A set of flattering and courting words sent across to someone can spark two things; a response with the same sense and energy or feelings of violation. Now, the differences between flirting and sexual abuse are quite obvious and clear. Yet, they are also blurred and overlapped with one another today.
Most romantic relationships bud from to and fro conversational exchanges that also take the form of flirting at some point. It’s a natural part of the process. It definitely isn’t inappropriate unless it is unwanted and brings along discomfort. What it insinuates is interest. Now, if you share that interest, you would respond with the same energy but if you aren’t, you would instead convey your disinterest. It’s as simple as that. The same with extending intimate proximity towards a person; if they are comfortable with it, they’ll give you definite cues and if they aren’t then you should get the ‘No’. Now, that’s exactly where the problem sits.
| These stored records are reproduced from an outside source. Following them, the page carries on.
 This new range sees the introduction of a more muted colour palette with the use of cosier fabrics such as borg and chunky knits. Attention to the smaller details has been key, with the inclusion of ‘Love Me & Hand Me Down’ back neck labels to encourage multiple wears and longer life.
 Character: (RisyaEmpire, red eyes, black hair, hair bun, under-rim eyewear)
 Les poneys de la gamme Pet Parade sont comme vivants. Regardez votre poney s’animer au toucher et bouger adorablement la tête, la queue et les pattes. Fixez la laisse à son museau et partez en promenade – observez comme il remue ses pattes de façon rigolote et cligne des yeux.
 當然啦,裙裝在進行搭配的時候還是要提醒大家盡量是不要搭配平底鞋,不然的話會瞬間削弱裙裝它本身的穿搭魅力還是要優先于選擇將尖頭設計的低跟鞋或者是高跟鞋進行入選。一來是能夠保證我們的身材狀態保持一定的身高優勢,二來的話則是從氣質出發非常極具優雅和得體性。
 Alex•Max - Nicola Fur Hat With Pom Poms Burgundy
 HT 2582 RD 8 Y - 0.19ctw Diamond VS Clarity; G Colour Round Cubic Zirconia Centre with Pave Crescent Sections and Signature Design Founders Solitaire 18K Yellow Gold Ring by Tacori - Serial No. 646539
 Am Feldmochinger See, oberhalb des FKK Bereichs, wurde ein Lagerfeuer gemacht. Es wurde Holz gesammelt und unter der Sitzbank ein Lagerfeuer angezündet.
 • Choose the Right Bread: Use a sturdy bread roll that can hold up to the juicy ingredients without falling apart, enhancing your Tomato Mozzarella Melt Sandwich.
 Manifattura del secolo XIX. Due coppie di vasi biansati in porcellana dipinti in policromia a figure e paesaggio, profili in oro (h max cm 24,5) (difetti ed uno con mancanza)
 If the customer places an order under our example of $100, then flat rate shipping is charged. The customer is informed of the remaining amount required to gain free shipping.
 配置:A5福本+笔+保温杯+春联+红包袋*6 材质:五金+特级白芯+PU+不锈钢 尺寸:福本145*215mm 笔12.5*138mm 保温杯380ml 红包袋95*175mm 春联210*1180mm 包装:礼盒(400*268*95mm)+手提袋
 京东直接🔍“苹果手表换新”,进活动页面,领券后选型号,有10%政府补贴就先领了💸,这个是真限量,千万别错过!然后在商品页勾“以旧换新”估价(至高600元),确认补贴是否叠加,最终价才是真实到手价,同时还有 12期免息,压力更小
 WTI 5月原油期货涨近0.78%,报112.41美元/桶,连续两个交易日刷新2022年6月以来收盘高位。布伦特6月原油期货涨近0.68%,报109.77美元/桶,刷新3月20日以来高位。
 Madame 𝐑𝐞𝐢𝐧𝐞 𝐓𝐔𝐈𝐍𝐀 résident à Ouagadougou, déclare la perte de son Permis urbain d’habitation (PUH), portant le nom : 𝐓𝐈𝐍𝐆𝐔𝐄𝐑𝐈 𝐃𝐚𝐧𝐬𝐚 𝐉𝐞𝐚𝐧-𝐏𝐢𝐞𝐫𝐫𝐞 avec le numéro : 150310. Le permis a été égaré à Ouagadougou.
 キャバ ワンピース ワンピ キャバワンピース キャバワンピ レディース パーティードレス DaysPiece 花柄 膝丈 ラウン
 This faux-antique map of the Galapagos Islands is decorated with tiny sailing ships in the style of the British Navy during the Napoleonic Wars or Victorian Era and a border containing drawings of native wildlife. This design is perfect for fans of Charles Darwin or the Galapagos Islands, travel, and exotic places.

Most men hold a bizarre sense of consent, while, most women have a cryptic understanding of abuse. And, that’s where the two concepts get tangled with one another.
Sometimes, when a man compliments you, it may purely be just that and not an attempt to flirt.
And, when a man flirts with you, that may be just an indication of his interest and not necessarily an attempt to violate your personal space and respect. Admiration of any form of beauty or anything that is intriguing is totally normal and so is the act of coquetry. They do not come under harassment unless they make the receiver uncomfortable and the boundaries have been overlooked and crossed. In that case, it is harassment.
Sometimes, when a woman shows interest in you, she may not necessarily be interested in being touched by you.
Her reciprocation to your flirting is not exactly her consent. And, that is another concept we fail to fully understand. Reciprocation and consent to physical intimacy are supposed to be definite, whether they’ve been expressed directly or indirectly. This is something that is wrongly perceived by most men. There is a sense of entitlement instilled in them because of the societal and cultural influences. Some may feel entitled to a woman’s affection irrespective of her consent while some may simply misread the signs and cues given by her. Then, there is coercion, which is often mistaken as consent. Using intoxication, playing out the emotional card, threatening, tricking and forcing non-physically, making the person feel like they owe you something; sexual coercion is not consent and is a form of abuse.
Flirting and building certain relations with someone, emotionally and sexually, both are natural and necessary and simply the act of doing so is not harassment. At the same time, the act of wooing and beyond are sexual harassment even if they doesn’t involve physical touch and if there is any form of coercion and discomfort involved.
Flirting ends and sexual harassment begins where reciprocation and consent fade and coercion, mental/physical pressure and general discomfort invite themselves into the picture. It’s as simple as that.